Blackdom, New Mexico: The Significance of the Afro-Frontier (1900-1930)

Timothy E. Nelson

Blackdom, New Mexico

The Significance of the Afro-Frontier, 1900–1930

Grover E. Murray Studies in the American Southwest

by Timothy E. Nelson

Foreword by Herbert G. Ruffin II, Syracuse University

Published by: Texas Tech University Press

Blackdom, New Mexico, was a township that lasted about thirty years. In this book, Timothy E. Nelson situates the township’s story where it belongs: along the continuum of settlement in Mexico’s Northern Frontier. Dr. Nelson illuminates the set of conscious efforts that helped Black pioneers develop Blackdom Township into a frontier boomtown.

“Blackdom” started as an inherited idea of a nineteenth-century Afrotopia. The idea of creating a Blackdom was refined within Black institutions as part of the perpetual movement of Black Colonization. In 1903, thirteen Black men, encouraged by the 1896 Plessy v. Ferguson decision, formed the Blackdom Townsite Company and set out to make Blackdom a real place in New Mexico, where they were outside the reach of Jim Crow laws.

Many believed that Blackdom was simply abandoned. However, new evidence shows that the scheme to build generational wealth continued to exist throughout the twentieth century in other forms. During Blackdom’s boomtimes, in December 1919, Blackdom Oil Company shifted town business from a regenerative agricultural community to a more extractive model.

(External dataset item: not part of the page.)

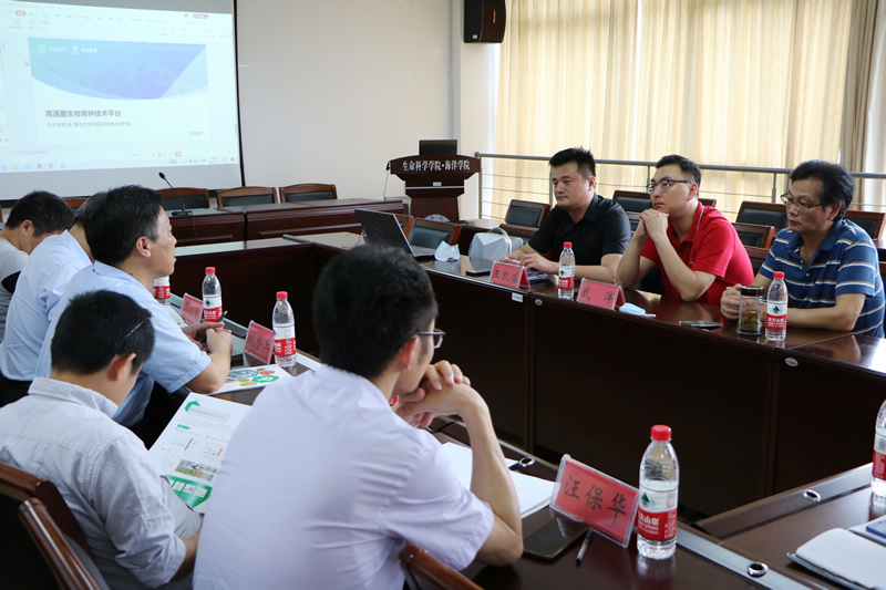 经理姚登兵首先代表学院向王凯盛博士一行的到来表示欢迎,并从学院专业建设和人才培养、科学研究和产研融合等方面介绍了学院的基本情况。 王凯盛博士分别介绍了清华大学无锡应用技术研究院、生物育种研究中心的建设过程、组织架构、技术创新能力、成果转化以及服务地方企业等情况,他们主要致力于具有自主知识产权及世界领先水平的特色生物设备及产品的研究和开发,有着面向产业、多学科交叉的科研与特色技术服务的优质平台。在交流环节,双方就生物育种的研究现状、育种方式及手段,常压室温等离子体ARTP技术、微液滴高通量筛选技术及产业化等方面,进行了深入细致的探讨和答疑。
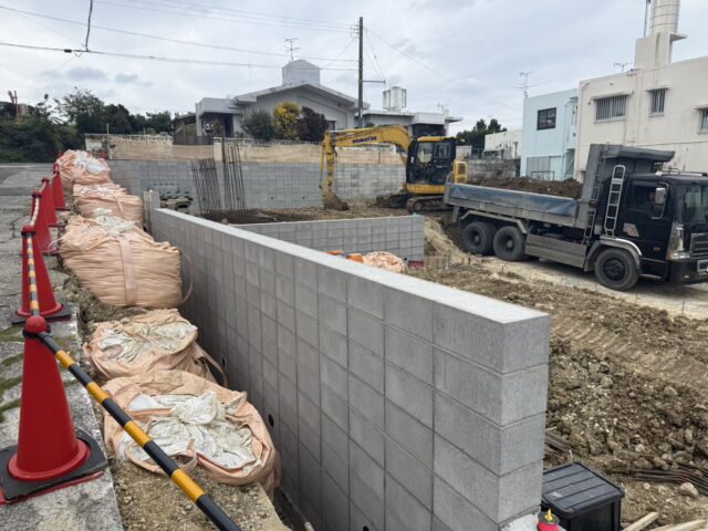 沖縄支店の現場、造成〜ブロック工事をコツコツ進めてます💪 掘って、組んで、積んで。重機も人の手もフル稼働🔥高低差や地盤を…

Nelson has uncovered new primary source materials that suggest for Blackdom a newly discovered third decade. This story has never been fully told or contextualized until now.

Reoriented to Mexico’s “northern frontier,” one observes Black ministers, Black military personnel, and Black freemasons who colonized as part of the transmogrification of Indigenous spaces into the American West. Nelson’s concept of the Afro-Frontier evokes a “Turnerian West,” but it is also fruitfully understood as a Weberian “Borderland.” Its history highlights a brief period and space that nurtured Black cowboy culture. While Blackdom’s civic presence was not lengthy, its significance—and that of the Afro-Frontier—is an important window in the history of Afrotopias, Black Consciousness, and the notion of an American West.

Timothy E. Nelson was born in South Central Los Angeles, raised in Compton, California, during the early 1990s, and went to Santa Monica Community College in the wake of race- and class-based conflict with the Los Angeles Police Department. Providing the most in-depth research on Blackdom to date, he reframes the history, focusing on the economic and social ambitions of Afro-Frontierists (Black pioneers). Through various art forms—academic books, trade books, screenplays, painting, photography, and videography—Dr. Nelson is digitally applying his theory of colonization within the digital frontier. He lives in Santa Fe, New Mexico.